Eine Ritzelwelle 8 verläuft vom Lenkgetriebe 3 nach rückwärts, und eine Gelenkwelle 10 ist mit dem hinteren
Ende der Ritzelwelle 8 über ein Kreuzgelenk 9 verbunden. Die Ritzelwelle 8 ist mit einem nicht dargestellten Ritzel
versehen, welches in die Zahnstange 4 eingreift. Eine Antriebswelle 12 (Fig. 2) ist mit dem hinteren Ende
der Gelenkwelle 10 über ein weiteres Kreuzgelenk 11 verbunden. Diese Antriebswelle 12 ist auf der Längsmittellinie
des hinteren Fahrzeugteils angeordnet und in einer Halterung 13 drehbar gelagert, wie Fig. 2 zeigt.
Eine Schwingwelle 15, die in Fig. 2 deutlicher dargestellt ist, ist mit dem hinteren Ende der Antriebswelle
12 über eine Gabel 14 verbunden, und.ein Verbindungselement 16 ist lose über einem mittleren Abschnitt der
Schwingwelle 15 angeordnet. Die beiden seitlichen Enden des Verbindungselements 16 sind mit Spurstangenteilen
25 über Kugelgelenke 26 verbunden, und das Verbindungselement 16 ist am mittleren Abschnitt eines Arms 17 gehalten,
der sich in Querrichtung des Fahrzeugs erstreckt.
Ein Ende des Arms 17 ist mit dem Fahrzeugkörper über ein Gelenkelement 18 und eine Aufhängung 19 verbunden, während
das andere Ende des Arms 17 mit dem Fahrzeugkörper über Gelenkelemente 20 und 21 und eine Aufhängung 22
so Verbundenist, daß der Arm 17 in einer vertikalen Ebene quer zur Längsrichtung des Fahrzeugs schwingen kann.
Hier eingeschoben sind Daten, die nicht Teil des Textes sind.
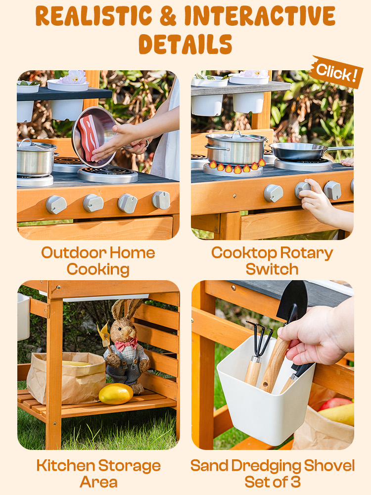 - Almacenamiento inteligente y limpieza fácil: ¡Mantén todo organizado con la práctica estantería de almacenamiento! Esta cocina al aire libre para niños ofrece un amplio espacio para guardar ollas, herramientas y accesorios de juego sucios. La superficie lisa se limpia fácilmente con agua, por lo que el juego de cocina para niños siempre está listo para la próxima sesión creativa—sin complicaciones, sin desorden.

Eine Schwenkachse 23 des Gelenkelements 21 an der Aufhängung 22 kann einstückig mit dem Gelenkelement 21
drehen. Die Außenenden der Spurstangenteile 25 sind mit Spurhebeln 28 verbunden, die die Hinterräder 27 tragen,
wie Fig. 1 zeigt.
Ein Motor 31 ist an einem Teil des Fahrzeugkörpers beim anderen Ende des Arms 17 montiert, und eine Abtriebswelle des Motors 31 ist mit einer Schnecke 32 versehen,
die wiederum in ein Zahnsegment 24 eingreift, welches auf der Schwenkachse 23 des Gelenkelements 21 befestigt
ist. Somit bewirkt eine Drehung des Motors 31 die Drehung
des Arms 17. Das Fahrzeug ist ferner mit einem Rechner
ausgerüstet, der Signale von einem Fahrgeschwindigkeitssensor 34 und einem Positionssensor 35 empfängt, welcher
die Position der Schwenkachse 23 des Gelenkelements 21 auswertet und ein entsprechendes Steuersignal an den
Rechner 33 abgibt, so daß die Drehung des Motors 31 abhängig von der Fahrgeschwindigkeit gesteuert werden kann.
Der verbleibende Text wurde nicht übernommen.